---------- Recorded information

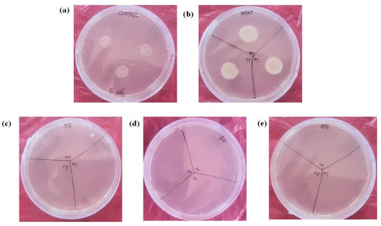 Images of petri dishes of the antimicrobial tests on various samples: (a) control, (b) blend, (c) blend reinforced with 5 wt.% lignin, (d) blend reinforced with 10 wt.% lignin, and (e) blend reinforced with 15 wt.% lignin.
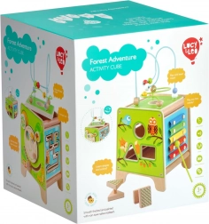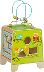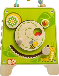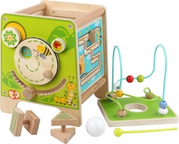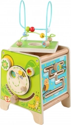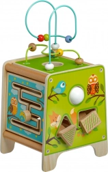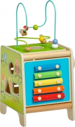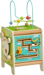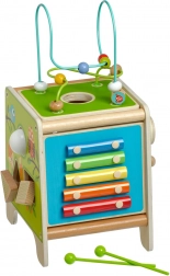 Denne farverige træ-aktivitetskube giver børn timevis af meningsfuld leg. Den øverste perlelabyrinth kan tages af og vendes ned i kuben for nem opbevaring. På siderne finder børn en xylofon med køller, en formsortering med todelte roterende geometriske figurer, et motorisk labyrintspor, et roterende hjul, drejeelementer og et sjovt spor med en pind, der skubbes gennem en rille.
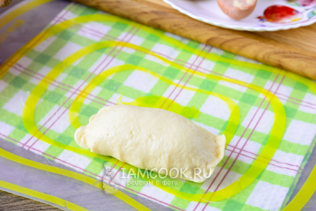 Перемешайте тесто, разделите его на средние кусочки. Каждый кусочек раскатайте тонкой прямоугольной полоской размером примерно 8х12 см.
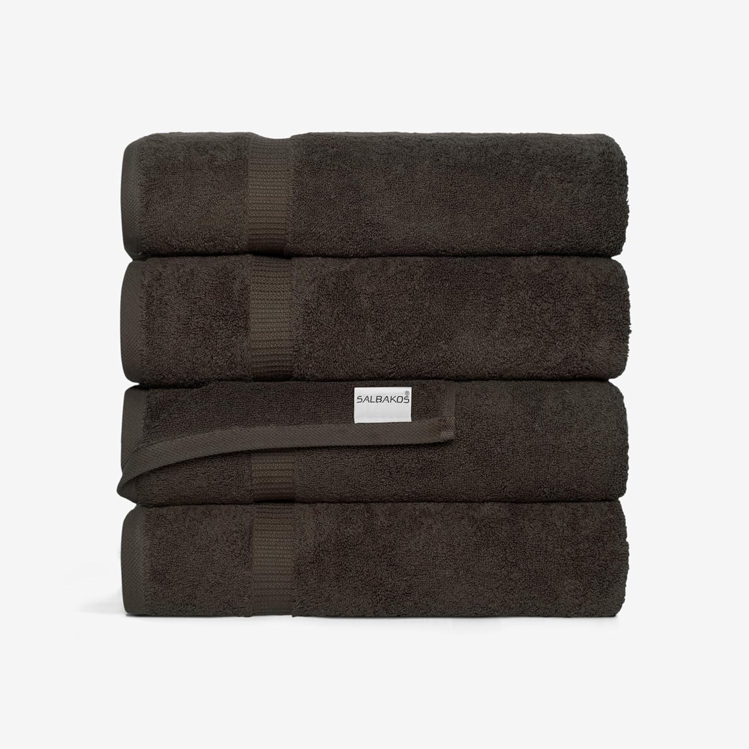 SALBAKOS 100% Turkish Cotton Bath Towel Set of 4 27x54 inch | Heirloom Quality | Hotel & Spa Collection | Soft, Super Absorbent, Long Lasting Bath Towels | Made in Turkey (Chocolate, 4 Bath Towels)
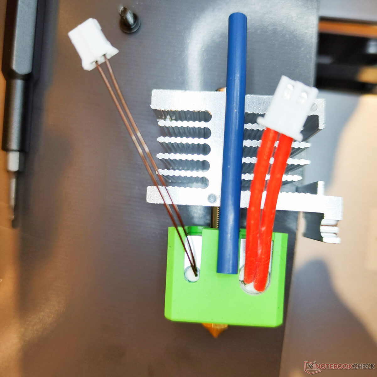De AnkerMake M5 hotend maakt nauwelijks gebruik van standaard onderdelen. Met één centimeter ligt de schroefdraad van het mondstuk tussen de MK8 en het vulkaanmondstuk in. Ook het verwarmingsblok heeft geen standaard afmetingen. Het verwarmingselement en de thermistor voldoen tenminste aan de normen voor 3D-printers. Met een verwarmingscapaciteit van 60 W is het verwarmingspatroon voldoende gedimensioneerd voor het soort hoge snelheden dat de AnkerMake M5 zou moeten kunnen bereiken. De koelventilator duwt lucht naar de achterkant van de printkop. Daarom genereert de printer bij het printen van ASA of ABS geen tocht langs de printplaat.
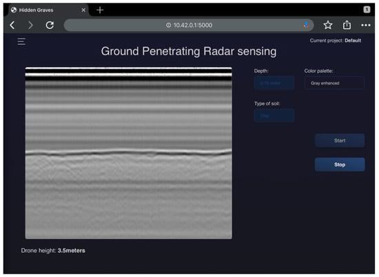 Although the GPR antenna was specifically designed to be mounted on a drone, there was still some development needed, first, to improve precision and, second, to improve operation. One of the goals of the research was to design a complete system that could be operated by a trained but non-specialist user. Therefore, a customized control interface for the GPR system was created so the measurements could be controlled from any mobile device up to 400 m from the drone whilst still providing real-time graphics of the current measurements. The main advantage of this is that users can customize the graphical interface of the on-board computer for any target group. Another advantage is that, in time, additional algorithms can be added into the on-board computer to enhance the interpretations of the data or, even, to automatically detect the graves for the operator via artificial intelligence.
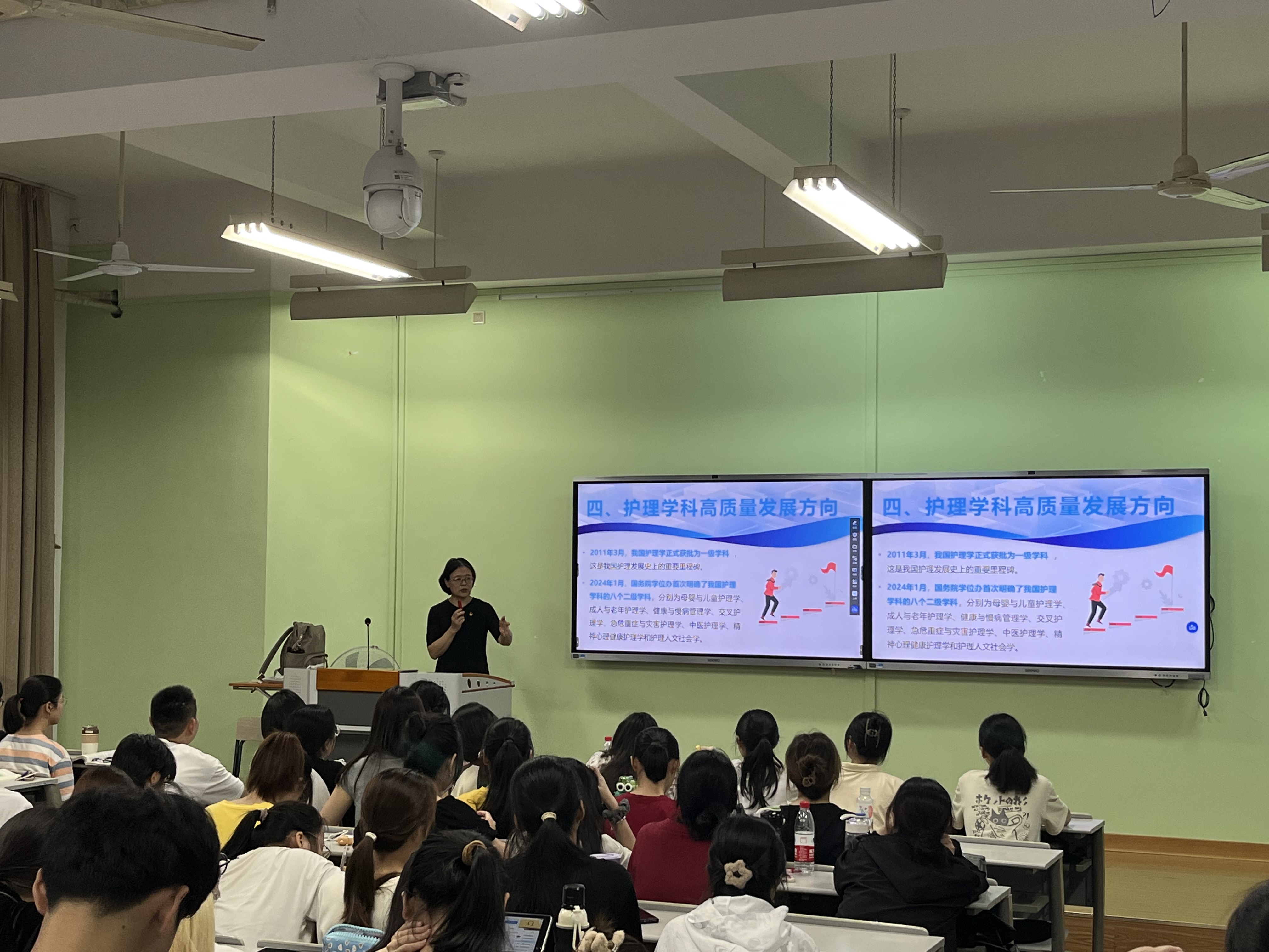李红围绕科技创新的重要性世界科技竞争现状我国科技机遇与挑战和护理学科高质量发展等方面进行具体阐述,用生动事迹为大家讲解科技创新是发展新质生产力的核心要素,激发学生积极思考在新的时代背景下如何奋发有为,实现自我和社会价值的融合发展。李红结合学生专业方向,以时间为线,梳理护理学科发展脉络,指出护理学科高质量发展的五个方向,即一是实现人文与科学统一的学科精神,二是发展中国特色的护理学科理论体系,三是构建护理亚专业学科体系,四是培养符合社会需求的护理专业人才,五是加强护理信息化建设。
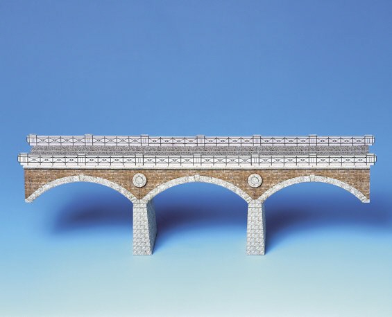 Für die HO-Modellbahn ist die modular aufgebaute Eisenbahnbrücke gedacht. Das Set umfasst drei Bogen. Mit weiteren Sets können Brücken beliebiger Länge zusammengesetzt werden.
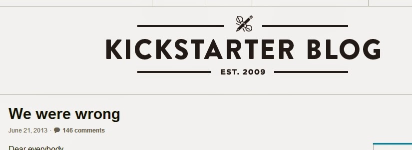 HOWEVER, Kickstarter has finally released a public statement on their blog, aptly titled “We Were Wrong.”
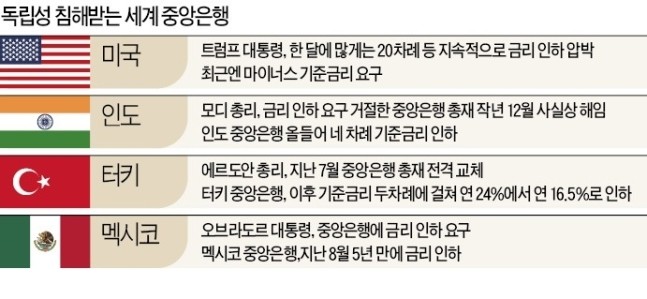 글로벌 경기 둔화가 이어지는 가운데 미국 인도 터키 멕시코 등 세계 각국에서 중앙은행의 독립성이 위협받고 있다. 경기 부양을 통해 득표하려는 정치인들이 중앙은행을 흔들고, 총재를 해임하거나 사퇴시키는 일까지 발생하고 있다. 중앙은행의 통화정책 신뢰성 확보를 위해 독립이 필요하다는 전통적 시각이 여전한 가운데, 저금리·디플레이션 시대에는 독립성보다 행정부와의 정책 공조가 필요하다는 주장도 나온다.
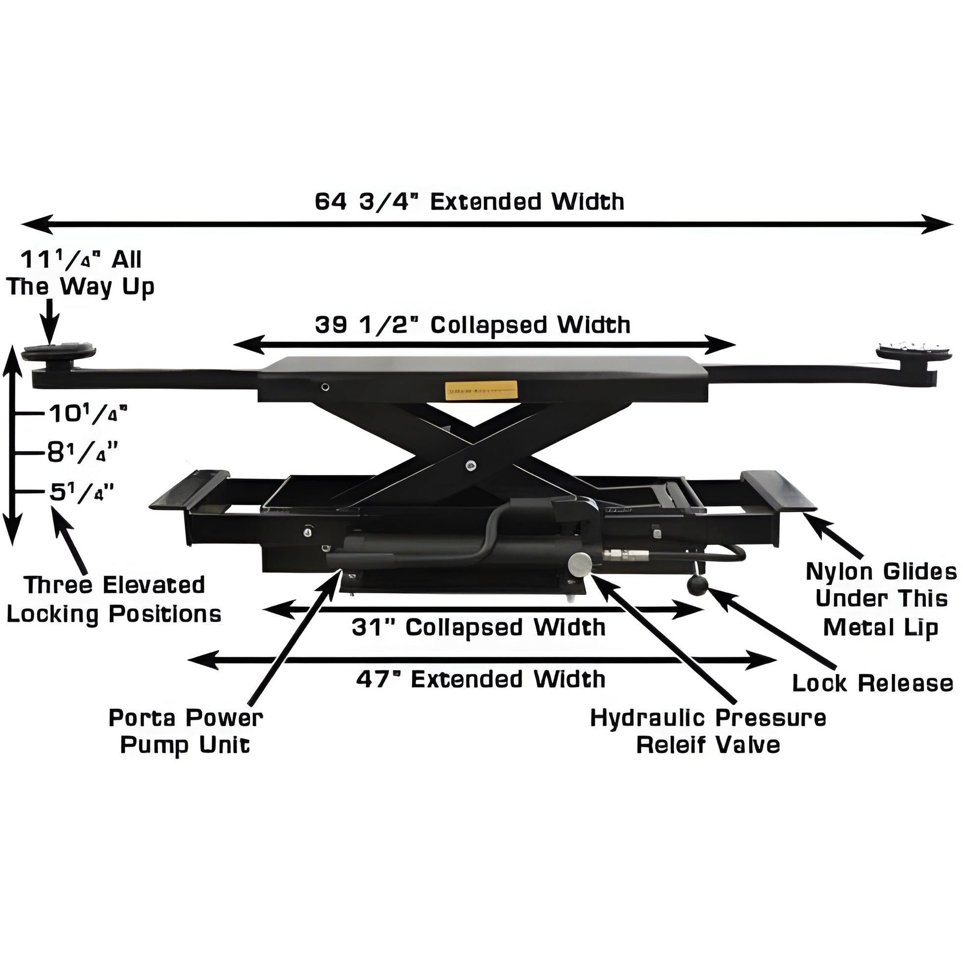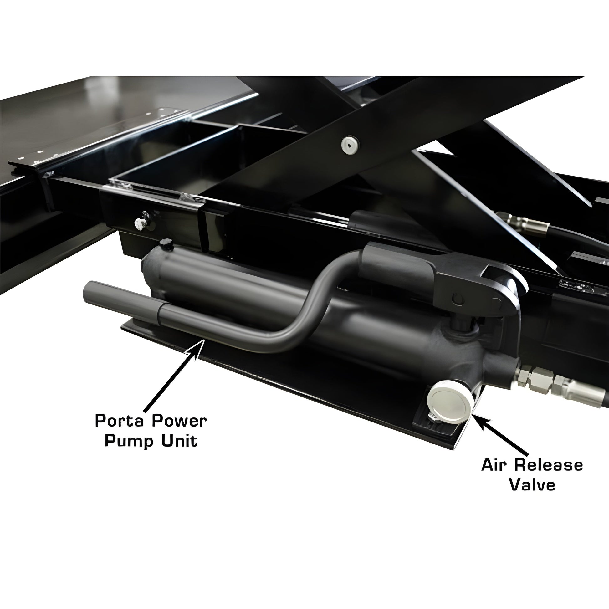 The Atlas RJ35 (3500 LB. capacity) sliding hydraulic bridge jack is the perfect choice for the owner of the Atlas Garage PRO8000 or any of our other Atlas Garage Pro lifts. The RJ35 Sliding Jack will also work on our other hobbyist four post lifts such as the ALI Certified Atlas APEX8 and APEX9 as well as the Premium Atlas 408SL and 409HP. The RJ35 Sliding Jack is perfect for those who want to perform wheel service on a vehicle that is positioned on top of their four post lift.Most four post hobbyist lifts come with a jack tray. The jack tray has certain limitations that are eliminated by using the Atlas® RJ35 Sliding Jack. The jack tray (with a small floor jack or jack stands) will support ONLY THOSE LIFTING POINTS of the raised vehicle that are between the runways of the four post lift. The RJ35 Sliding Jack has telescoping arms that can be extended over the runways of the four post lift. The lift pads at the end of these arms can be positioned under the LIFTING POINTS (that are located over the runways of the four post lift) of the vehicle allowing the operator to access many more LIFTING POINTS than just using the jack tray.The Atlas RJ35 Sliding Jack comes standard with a set of peg style truck adapters which increase the lifting height of the lift pads. These truck adapters will allow the RJ35 Sliding Jack sliding hydraulic jack to raise pick up trucks that will sit higher on the runways than the average passenger car. The RJ35 Sliding Jack is operated by a manual hydraulic pump (porta-power pump) and does not require an air compressor for power. This jack also features two solid locking positions that are used when the vehicle is to be suspended above the runways. When the locking positions of the Atlas RJ35 Sliding Jack are engaged, the hydraulic pressure from the lifting cylinder of the jack is eliminated. (These locks act much like a pair of jack stands after you lift a vehicle off the ground with a service jack).
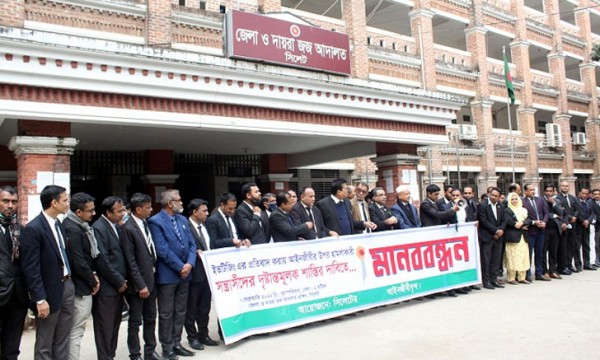 বৃহস্পতিবার (৩ ফেব্রুয়ারি) দুপুরে সিলেট জেলা ও দায়রা জজ আদালতের সামনে দুই শতাধিক আইনজীবীর উপস্থিতিতে এই মানববন্ধন ও সমাবেশ অনুষ্ঠিত হয়।
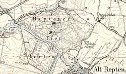 In 1824, Count Carl Lazarus Henckel von Donnersmarck of Świerklaniec acquired the Repty estates, including the park's current area, from the heirs of the Larisch family, former village owners. On the eastern edge of the existing forest, atop a hill along the road from Stare Tarnowice to Repty (now Repecka Street), he built a small hunting lodge (German: Jagdschloss Repten) in the 1840s. The forest was converted into a hunting preserve (German: Reptener Tiergarten),[2] enclosed by a limestone wall (parts of which survive today),[3][4] stocked with deer and pheasants.[5] To facilitate hunting, the central and northern forest sections were cleared, and a wide path was cut for shooting directly from the lodge.[3]
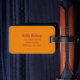 Resa extra bagagemärke. En bagagetagg används för att enkelt identifiera resväskan i fodral som den får borttappad under resan, eftersom den innehåller din kontaktinformation som namn, mobilt nummer och adress, vilket gör att någon kan nå dig om de hittar väskan avskild från dig.

--------------------

# Assigned task:
Wherever a picture appears in the records, omit it, and transcribe everything else exactly.

# Response below:
 Images of petri dishes of the antimicrobial tests on various samples: (a) control, (b) blend, (c) blend reinforced with 5 wt.% lignin, (d) blend reinforced with 10 wt.% lignin, and (e) blend reinforced with 15 wt.% lignin.
 Denne farverige træ-aktivitetskube giver børn timevis af meningsfuld leg. Den øverste perlelabyrinth kan tages af og vendes ned i kuben for nem opbevaring. På siderne finder børn en xylofon med køller, en formsortering med todelte roterende geometriske figurer, et motorisk labyrintspor, et roterende hjul, drejeelementer og et sjovt spor med en pind, der skubbes gennem en rille.
 Перемешайте тесто, разделите его на средние кусочки. Каждый кусочек раскатайте тонкой прямоугольной полоской размером примерно 8х12 см.
 SALBAKOS 100% Turkish Cotton Bath Towel Set of 4 27x54 inch | Heirloom Quality | Hotel & Spa Collection | Soft, Super Absorbent, Long Lasting Bath Towels | Made in Turkey (Chocolate, 4 Bath Towels)
De AnkerMake M5 hotend maakt nauwelijks gebruik van standaard onderdelen. Met één centimeter ligt de schroefdraad van het mondstuk tussen de MK8 en het vulkaanmondstuk in. Ook het verwarmingsblok heeft geen standaard afmetingen. Het verwarmingselement en de thermistor voldoen tenminste aan de normen voor 3D-printers. Met een verwarmingscapaciteit van 60 W is het verwarmingspatroon voldoende gedimensioneerd voor het soort hoge snelheden dat de AnkerMake M5 zou moeten kunnen bereiken. De koelventilator duwt lucht naar de achterkant van de printkop. Daarom genereert de printer bij het printen van ASA of ABS geen tocht langs de printplaat.
 Although the GPR antenna was specifically designed to be mounted on a drone, there was still some development needed, first, to improve precision and, second, to improve operation. One of the goals of the research was to design a complete system that could be operated by a trained but non-specialist user. Therefore, a customized control interface for the GPR system was created so the measurements could be controlled from any mobile device up to 400 m from the drone whilst still providing real-time graphics of the current measurements. The main advantage of this is that users can customize the graphical interface of the on-board computer for any target group. Another advantage is that, in time, additional algorithms can be added into the on-board computer to enhance the interpretations of the data or, even, to automatically detect the graves for the operator via artificial intelligence.
李红围绕科技创新的重要性世界科技竞争现状我国科技机遇与挑战和护理学科高质量发展等方面进行具体阐述,用生动事迹为大家讲解科技创新是发展新质生产力的核心要素,激发学生积极思考在新的时代背景下如何奋发有为,实现自我和社会价值的融合发展。李红结合学生专业方向,以时间为线,梳理护理学科发展脉络,指出护理学科高质量发展的五个方向,即一是实现人文与科学统一的学科精神,二是发展中国特色的护理学科理论体系,三是构建护理亚专业学科体系,四是培养符合社会需求的护理专业人才,五是加强护理信息化建设。
 Für die HO-Modellbahn ist die modular aufgebaute Eisenbahnbrücke gedacht. Das Set umfasst drei Bogen. Mit weiteren Sets können Brücken beliebiger Länge zusammengesetzt werden.
 HOWEVER, Kickstarter has finally released a public statement on their blog, aptly titled “We Were Wrong.”
 글로벌 경기 둔화가 이어지는 가운데 미국 인도 터키 멕시코 등 세계 각국에서 중앙은행의 독립성이 위협받고 있다. 경기 부양을 통해 득표하려는 정치인들이 중앙은행을 흔들고, 총재를 해임하거나 사퇴시키는 일까지 발생하고 있다. 중앙은행의 통화정책 신뢰성 확보를 위해 독립이 필요하다는 전통적 시각이 여전한 가운데, 저금리·디플레이션 시대에는 독립성보다 행정부와의 정책 공조가 필요하다는 주장도 나온다.
 The Atlas RJ35 (3500 LB. capacity) sliding hydraulic bridge jack is the perfect choice for the owner of the Atlas Garage PRO8000 or any of our other Atlas Garage Pro lifts. The RJ35 Sliding Jack will also work on our other hobbyist four post lifts such as the ALI Certified Atlas APEX8 and APEX9 as well as the Premium Atlas 408SL and 409HP. The RJ35 Sliding Jack is perfect for those who want to perform wheel service on a vehicle that is positioned on top of their four post lift.Most four post hobbyist lifts come with a jack tray. The jack tray has certain limitations that are eliminated by using the Atlas® RJ35 Sliding Jack. The jack tray (with a small floor jack or jack stands) will support ONLY THOSE LIFTING POINTS of the raised vehicle that are between the runways of the four post lift. The RJ35 Sliding Jack has telescoping arms that can be extended over the runways of the four post lift. The lift pads at the end of these arms can be positioned under the LIFTING POINTS (that are located over the runways of the four post lift) of the vehicle allowing the operator to access many more LIFTING POINTS than just using the jack tray.The Atlas RJ35 Sliding Jack comes standard with a set of peg style truck adapters which increase the lifting height of the lift pads. These truck adapters will allow the RJ35 Sliding Jack sliding hydraulic jack to raise pick up trucks that will sit higher on the runways than the average passenger car. The RJ35 Sliding Jack is operated by a manual hydraulic pump (porta-power pump) and does not require an air compressor for power. This jack also features two solid locking positions that are used when the vehicle is to be suspended above the runways. When the locking positions of the Atlas RJ35 Sliding Jack are engaged, the hydraulic pressure from the lifting cylinder of the jack is eliminated. (These locks act much like a pair of jack stands after you lift a vehicle off the ground with a service jack).
 বৃহস্পতিবার (৩ ফেব্রুয়ারি) দুপুরে সিলেট জেলা ও দায়রা জজ আদালতের সামনে দুই শতাধিক আইনজীবীর উপস্থিতিতে এই মানববন্ধন ও সমাবেশ অনুষ্ঠিত হয়।
 In 1824, Count Carl Lazarus Henckel von Donnersmarck of Świerklaniec acquired the Repty estates, including the park's current area, from the heirs of the Larisch family, former village owners. On the eastern edge of the existing forest, atop a hill along the road from Stare Tarnowice to Repty (now Repecka Street), he built a small hunting lodge (German: Jagdschloss Repten) in the 1840s. The forest was converted into a hunting preserve (German: Reptener Tiergarten),[2] enclosed by a limestone wall (parts of which survive today),[3][4] stocked with deer and pheasants.[5] To facilitate hunting, the central and northern forest sections were cleared, and a wide path was cut for shooting directly from the lodge.[3]
 Resa extra bagagemärke. En bagagetagg används för att enkelt identifiera resväskan i fodral som den får borttappad under resan, eftersom den innehåller din kontaktinformation som namn, mobilt nummer och adress, vilket gör att någon kan nå dig om de hittar väskan avskild från dig.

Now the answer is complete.